**Your instructions:** Repeat the data in full and exactly. Leave the pictures out.

== Segment start ==

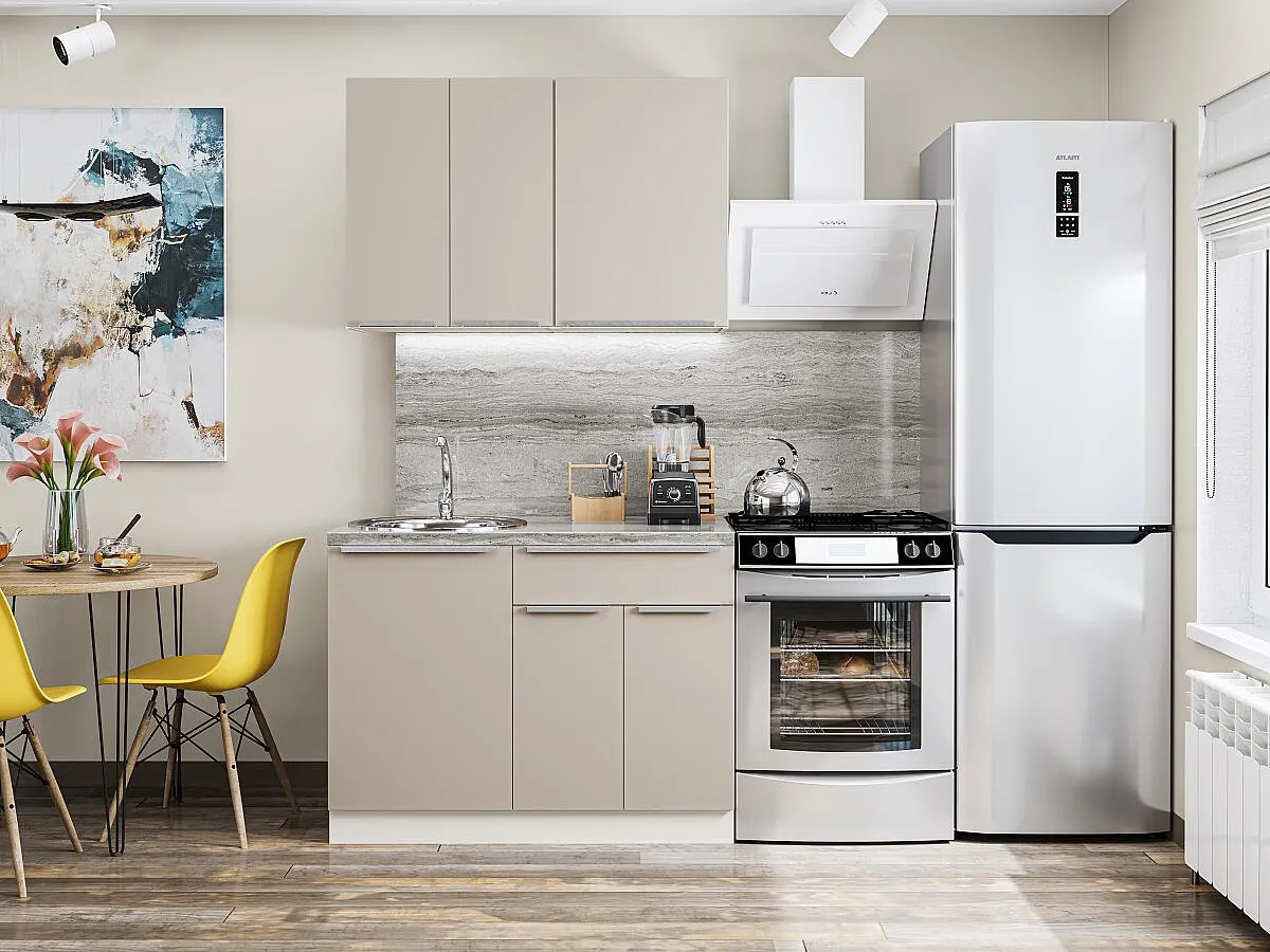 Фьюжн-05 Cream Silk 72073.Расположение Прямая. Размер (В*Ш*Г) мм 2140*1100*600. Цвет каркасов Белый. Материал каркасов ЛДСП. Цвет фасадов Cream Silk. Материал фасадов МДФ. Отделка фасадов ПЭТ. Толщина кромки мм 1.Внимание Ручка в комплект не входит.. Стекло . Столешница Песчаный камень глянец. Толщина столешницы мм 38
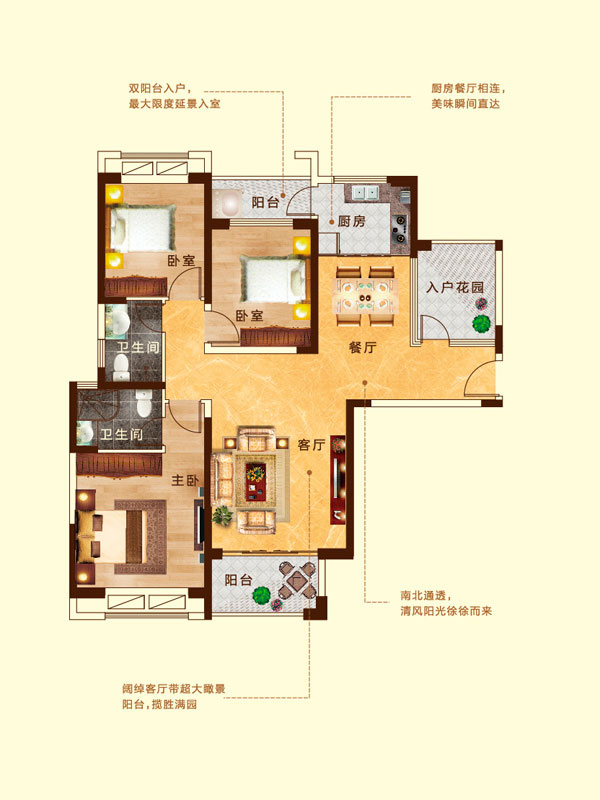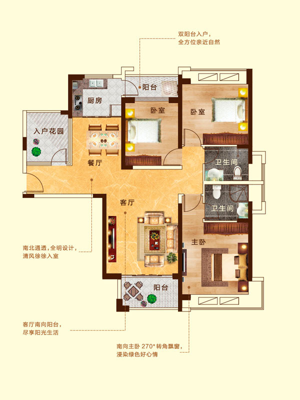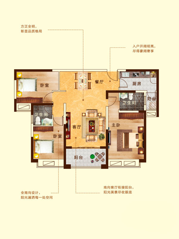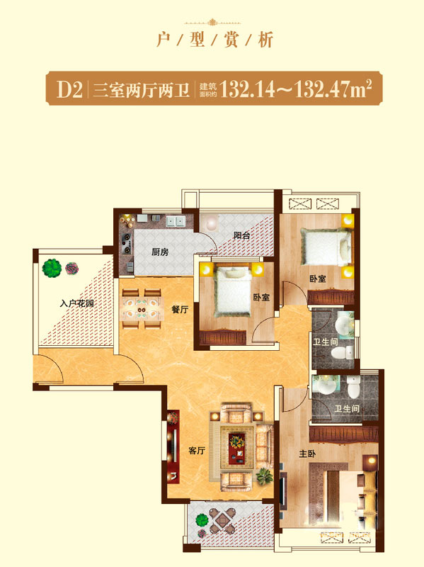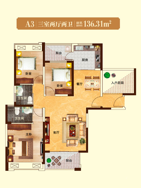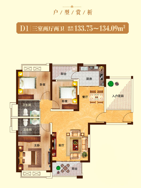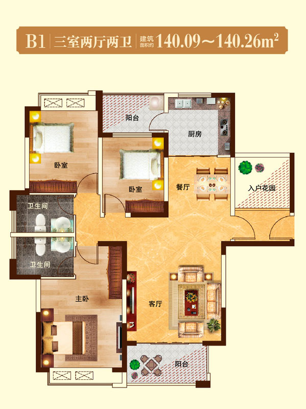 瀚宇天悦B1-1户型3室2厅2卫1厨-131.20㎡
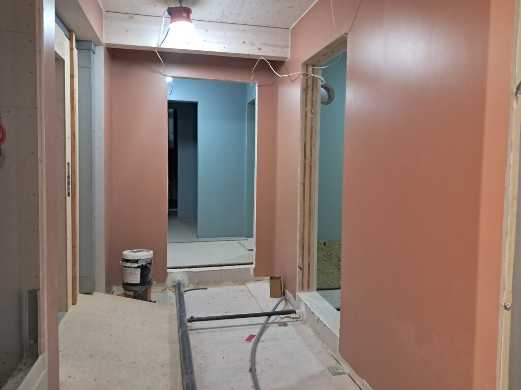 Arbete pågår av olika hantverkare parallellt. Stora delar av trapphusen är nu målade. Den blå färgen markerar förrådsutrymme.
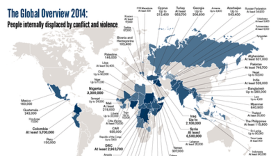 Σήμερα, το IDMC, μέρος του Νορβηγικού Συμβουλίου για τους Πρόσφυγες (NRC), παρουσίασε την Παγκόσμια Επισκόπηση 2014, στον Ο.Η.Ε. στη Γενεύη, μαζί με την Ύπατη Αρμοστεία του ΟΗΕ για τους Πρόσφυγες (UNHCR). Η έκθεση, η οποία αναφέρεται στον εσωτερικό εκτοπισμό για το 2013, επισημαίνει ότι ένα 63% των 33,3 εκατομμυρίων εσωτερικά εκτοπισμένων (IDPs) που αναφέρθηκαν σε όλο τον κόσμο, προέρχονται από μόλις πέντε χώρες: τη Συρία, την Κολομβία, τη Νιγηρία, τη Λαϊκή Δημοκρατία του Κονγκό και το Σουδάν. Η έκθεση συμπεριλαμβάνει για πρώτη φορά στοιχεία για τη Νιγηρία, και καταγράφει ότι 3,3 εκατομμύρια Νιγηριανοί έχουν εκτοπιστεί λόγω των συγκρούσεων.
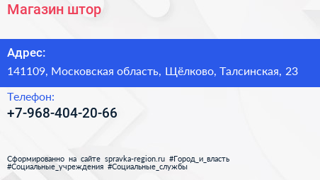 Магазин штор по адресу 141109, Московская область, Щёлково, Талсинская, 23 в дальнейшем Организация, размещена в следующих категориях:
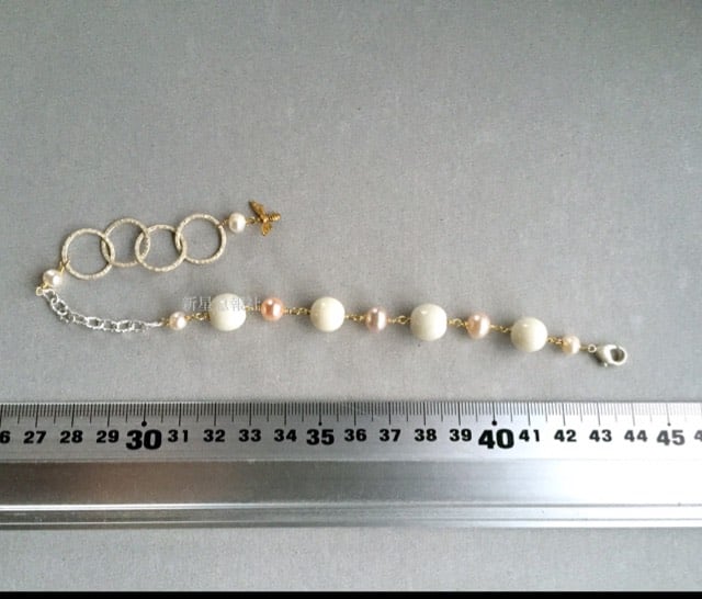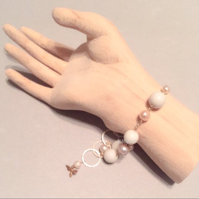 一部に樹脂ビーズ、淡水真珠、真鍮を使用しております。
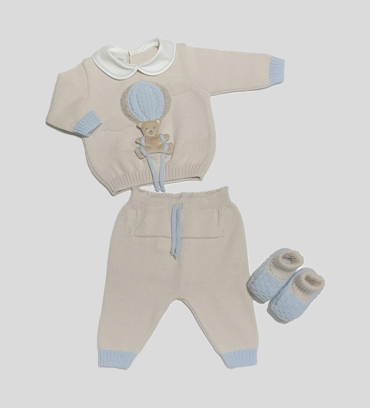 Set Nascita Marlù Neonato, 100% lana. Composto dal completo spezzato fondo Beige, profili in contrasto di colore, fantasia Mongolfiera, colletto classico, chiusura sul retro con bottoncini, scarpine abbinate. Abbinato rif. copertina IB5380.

== Segment end ==

**Result for this task:**
 Фьюжн-05 Cream Silk 72073.Расположение Прямая. Размер (В*Ш*Г) мм 2140*1100*600. Цвет каркасов Белый. Материал каркасов ЛДСП. Цвет фасадов Cream Silk. Материал фасадов МДФ. Отделка фасадов ПЭТ. Толщина кромки мм 1.Внимание Ручка в комплект не входит.. Стекло . Столешница Песчаный камень глянец. Толщина столешницы мм 38
 瀚宇天悦B1-1户型3室2厅2卫1厨-131.20㎡
 Arbete pågår av olika hantverkare parallellt. Stora delar av trapphusen är nu målade. Den blå färgen markerar förrådsutrymme.
 Σήμερα, το IDMC, μέρος του Νορβηγικού Συμβουλίου για τους Πρόσφυγες (NRC), παρουσίασε την Παγκόσμια Επισκόπηση 2014, στον Ο.Η.Ε. στη Γενεύη, μαζί με την Ύπατη Αρμοστεία του ΟΗΕ για τους Πρόσφυγες (UNHCR). Η έκθεση, η οποία αναφέρεται στον εσωτερικό εκτοπισμό για το 2013, επισημαίνει ότι ένα 63% των 33,3 εκατομμυρίων εσωτερικά εκτοπισμένων (IDPs) που αναφέρθηκαν σε όλο τον κόσμο, προέρχονται από μόλις πέντε χώρες: τη Συρία, την Κολομβία, τη Νιγηρία, τη Λαϊκή Δημοκρατία του Κονγκό και το Σουδάν. Η έκθεση συμπεριλαμβάνει για πρώτη φορά στοιχεία για τη Νιγηρία, και καταγράφει ότι 3,3 εκατομμύρια Νιγηριανοί έχουν εκτοπιστεί λόγω των συγκρούσεων.
 Магазин штор по адресу 141109, Московская область, Щёлково, Талсинская, 23 в дальнейшем Организация, размещена в следующих категориях:
 一部に樹脂ビーズ、淡水真珠、真鍮を使用しております。
 Set Nascita Marlù Neonato, 100% lana. Composto dal completo spezzato fondo Beige, profili in contrasto di colore, fantasia Mongolfiera, colletto classico, chiusura sul retro con bottoncini, scarpine abbinate. Abbinato rif. copertina IB5380.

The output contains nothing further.